RuntimeError: multi-target not supported at /Users/soumith/miniconda2/conda-bld/pytorch_1532623076075/work/aten/src/THNN/generic/ClassNLLCriterion.c:21

Steven_Chan · December 2, 2018, 12:18pm

I am working on a video animation project using PyTorch. My dataset contains 3904x60 mfcc audio features(input) and corresponding 3904x3 video features(output). The goal is to train a neural network model such that given an unknown audio feature, the model maps it into its corresponding video feature. In other words, the neural network performs a 60 to 3 feature mapping.
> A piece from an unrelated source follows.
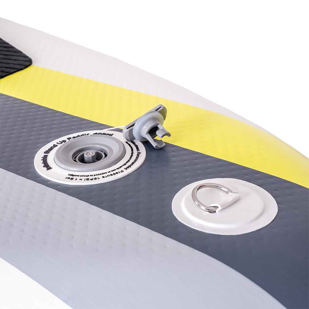 Paddleboard také disponuje spoustou doplňků a vychytávek, které zpříjemní pádlování i jeho přenášení. Pod elastické bungee šňůry upevníte lehký náklad, který nechcete nechávat na břehu. Protiskluzová EVA podložka na horní straně pak zajistí maximální grip a minimalizuje riziko uklouznutí. Ale pokud byste přece jen upadli, není to žádná tragédie. K noze a nerezovému D-kroužku si připevníte bezpečnostní leash a paddleboard vám tak nikam neuplave. Pro přenášení je tu pak pevné madlo uprostřed.
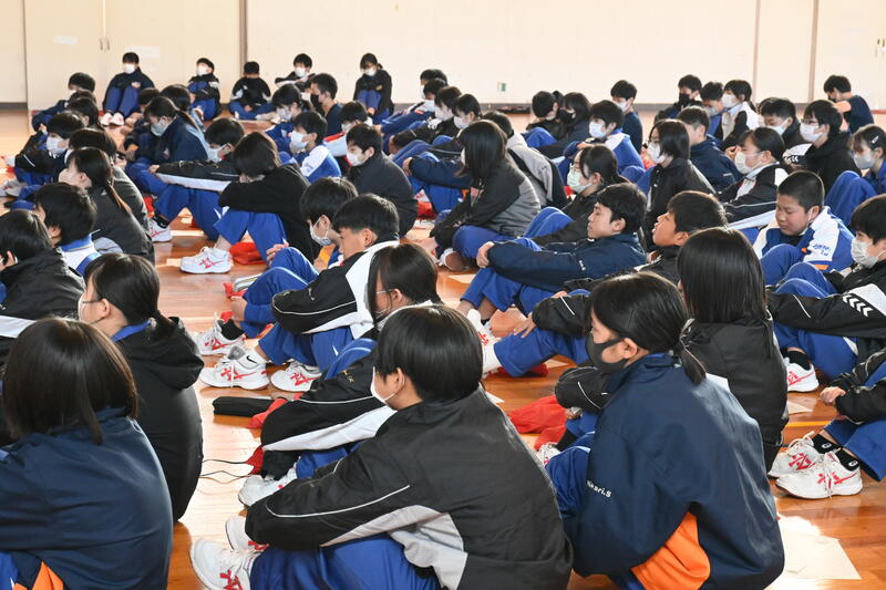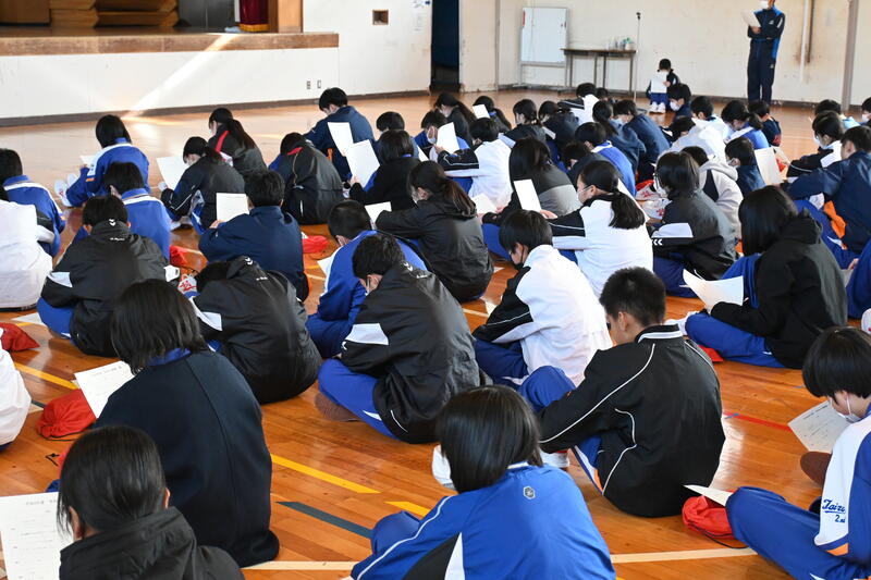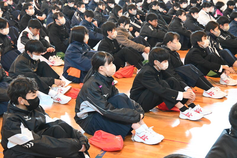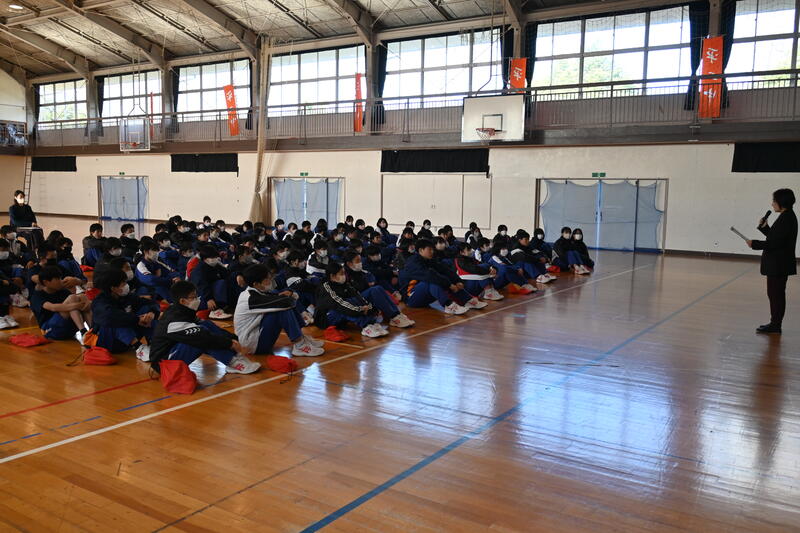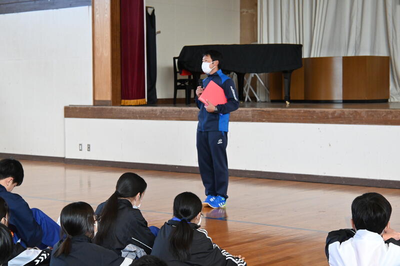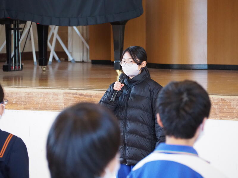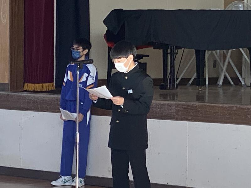 1学期と比べ成長がみられた点、そして3学期に向けた課題点など、学年全体で今年1年間を振り返ることができた、良い機会となりました。また「2学期の反省と冬休みの抱負」の発表を行った3人の代表生徒からは、2学期の反省を生かし、3学期により良い学校生活を送ろうとする、前向きな姿勢がみられました。

I have already built the neural network following this tutorial and my CNN architecture looks like:

class ConvNet(nn.Module):
    def __init__(self):
        super().__init__()
        self.layer1 = nn.Sequential(
            nn.Conv1d(1, 32, kernel_size=5, stride=1, padding=2),
            nn.ReLU(),
            nn.MaxPool1d(kernel_size=2, stride=2))
        self.layer2 = nn.Sequential(
            nn.Conv1d(32, 64, kernel_size=5, stride=1, padding=2),
            nn.ReLU(),
            nn.MaxPool1d(kernel_size=2, stride=2))
        self.drop_out = nn.Dropout()
        self.fc1 = nn.Linear(15 * 64, 1000)
        self.fc2 = nn.Linear(1000, 3)

    def forward(self, x):
        out = self.layer1(x)
        out = self.layer2(out)
        out = out.reshape(out.size(0), -1)
        out = self.drop_out(out)
        out = self.fc1(out)
        out = self.fc2(out)
        return out

and my training code looks like:

model = ConvNet()

criterion = nn.CrossEntropyLoss()
optimizer = torch.optim.Adam(model.parameters(), lr=learning_rate)
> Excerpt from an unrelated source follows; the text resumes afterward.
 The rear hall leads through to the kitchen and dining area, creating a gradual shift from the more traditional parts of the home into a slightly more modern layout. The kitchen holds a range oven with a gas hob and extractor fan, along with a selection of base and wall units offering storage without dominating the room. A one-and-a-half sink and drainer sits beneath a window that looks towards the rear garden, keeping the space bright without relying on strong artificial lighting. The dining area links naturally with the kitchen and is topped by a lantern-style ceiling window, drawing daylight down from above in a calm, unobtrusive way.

for epoch in range(num_epochs):
    for i, (a, v) in enumerate(train_loader):
        # Run the forward pass
        a = a.float()
        v = v.long()
        outputs = model(a.view(a.size(0),1,a.size(1)))
        loss = criterion(outputs, v)
        loss_list.append(loss.item())

        # Backprop and perform Adam optimisation
        optimizer.zero_grad()
        loss.backward()
        optimizer.step()

        # Track the accuracy
        total = labels.size(0)
        _, predicted = torch.max(outputs.data, 1)
        correct = (predicted == labels).sum().item()
        acc_list.append(correct / total)

        if (i + 1) % 100 == 0:
            print('Epoch[{}/{}],Step[{}/{}],Loss{:.4f},Accuracy{:.2f}%'
              .format(epoch + 1, num_epochs, i + 1, total_step, loss.item(),
                      (correct / total) * 100))
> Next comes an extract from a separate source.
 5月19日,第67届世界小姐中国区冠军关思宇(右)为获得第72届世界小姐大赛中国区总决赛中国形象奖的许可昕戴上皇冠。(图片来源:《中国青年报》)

But as I ran the code I received an error:

—> 13 loss = criterion(outputs, v)
RuntimeError: multi-target not supported at /Users/soumith/miniconda2/conda-bld/pytorch_1532623076075/work/aten/src/THNN/generic/ClassNLLCriterion.c:21

I defined the batch size to be 4 so each a and v in the iteration should be a 4 by 60 tensor and a 4 by 3 tensor, respectively. One solution suggests that I should reshape the tensor into a categorical vector. However, this solution doesn’t actually apply to this case since I want the 3 output feature integrated as a whole instead of treating each feature as an independent label. How do I solve this problem?

ptrblck · December 2, 2018, 12:22pm

If you are using nn.CrossEntropyLoss or nn.NLLLoss your target should contain the class indices as your link suggests.
However, currently your target seems to contain some kind of video features.
Could you explain a bit more about the values in the target?

E.g. if you are dealing with float features, you might want to use nn.MSELoss, which expects the output and target to have the same shape.

EDIT: It looks like you are casting the target to torch.long, which indicates some kind of class indices?
Could you post an example target with values?

Steven_Chan · December 2, 2018, 1:51pm

Thanks for your reply. By changing CrossEntropyLoss to MSELoss the problem was solved. For your interest, I can explain more details that I didn’t specify clearly in the original post. Essentially, the project tries to map some words that a person speaks to a video of the person moving his lips. So the audio features are MFCC of the audio signal, while the video features are parameters that measure how the lip on each frame differs from the original image(a closed mouth) so I can create different images of the lip to make a video. I converted the target to torch.long because the CrossEntropyLoss requires the argument to be LongTensor otherwise there is an error. By changing the criterion to MSELoss I don’t need to worry about it. Really appreciate your answer!

Just as a follow-up, since I am using MSE loss to measure the accuracy, I can no longer calculate the accuracy by dividing total samples by correct predictions. Is there a reasonable metric/function to measure the performance of the model when the loss function is MSE Loss?